BENCHWARMER

>> Tuesday, September 16, 2008

Ramon Dacawi
Doing it

By the United Nations initial count, 38.8 million in 110 countries stood up against poverty. Most of those who stood – or tried to – were in the so-called Third World, the so-called South: Asia – 28 million; Africa – 7.5 million; Arab region – 2.5 million; Latin America – 734,000.

By the final count, the figure rose to 43.7 million. Understandably so. After all, it’s in the Third World where the extremes of deprivation are most common. It’s here where poverty is not a temporary condition but a constant, a given rather than an extreme, a rule rather than an
exception.

It’s here where poverty comes with birth – as if it were a birthright. It dictates the inequality of life that it shortens, and even the manner of death. Or even how one literally returns to dust, the indignity made less painful by the acceptance of one’s lot, or the lack of it in this Third World.

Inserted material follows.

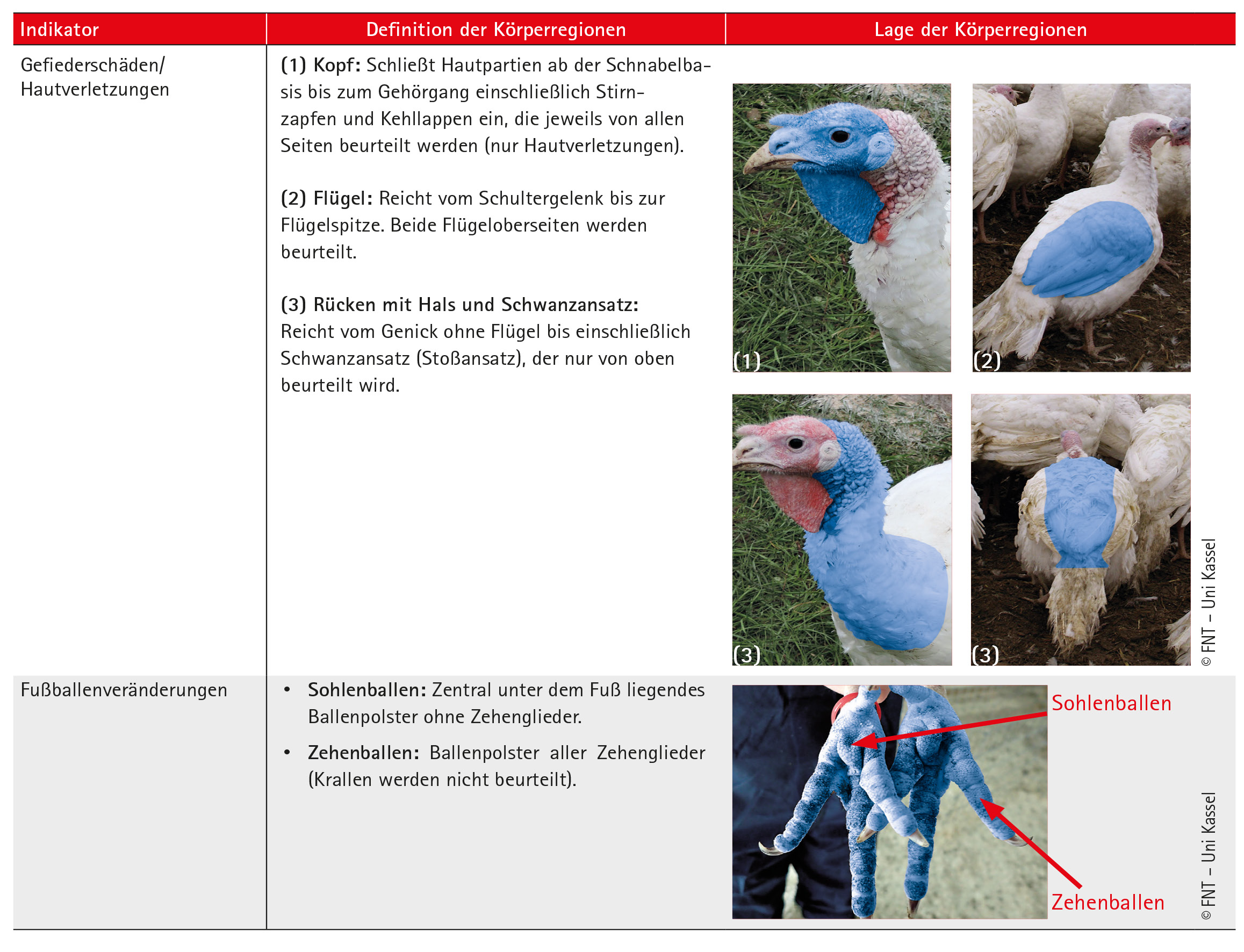Die Bonitierungen werden nur in spezifischen Körperregionen durchgeführt, die für die jeweiligen Tierschutzindikatoren von besonderer Bedeutung sind. In der nachfolgenden Abbildung sind die relevanten Körperregionen beschrieben und blau markiert. Für die Erfassung der Indikatoren werden jeweils alle definierten Körperregionen untersucht und anhand der Boniturschemata beurteilt. Je Indikator wird die Note der am schlechtesten bewerteten Region dokumentiert.

After all, it’s in some Third World countries where the poor don’t’ have a voice, except when told to speak up for dictators. After all, it’s the seventh year since leaders of 192 nations ushered in this millennium with a collective pledge to eradicate extreme poverty and hunger. After all, we’re at the half-way mark to 2015, the target year the leaders set to finally eradicate the extreme.

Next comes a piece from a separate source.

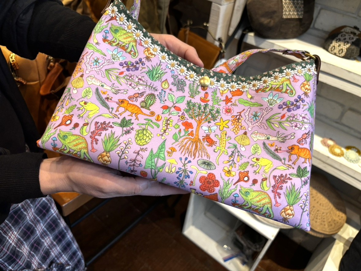 「gallery shop SORA」の鞄展で取り扱う「カエル工房・手のひらワークス」さんの描いた絵を元にプリントしたオリジナル生地で作ったバッグ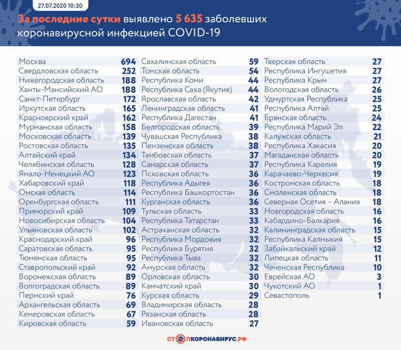 За последние сутки в России выявлено 5 635 новых случаев коронавируса в 84 регионах.

After all, it’s time for nameless, ordinary millions to speak up to their leaders. Not only about poverty but seven other goals that world leaders vowed on paper to pursue under the United Nations Millennium Declaration they inked in September, 2000.

“What Stand Up did was to give them the opportunity to find voice on issues that matter to them,” noted Mandy Kibel, deputy director of communications for the UN Millennium Campaign. “They want to find their own voice, and they want to address not us at the UN, but their own governments and say we have expectations that you deliver on the promises you made.”

Three years before Stand Up, a world leader of form and substance gave voice to the millions gripped by poverty.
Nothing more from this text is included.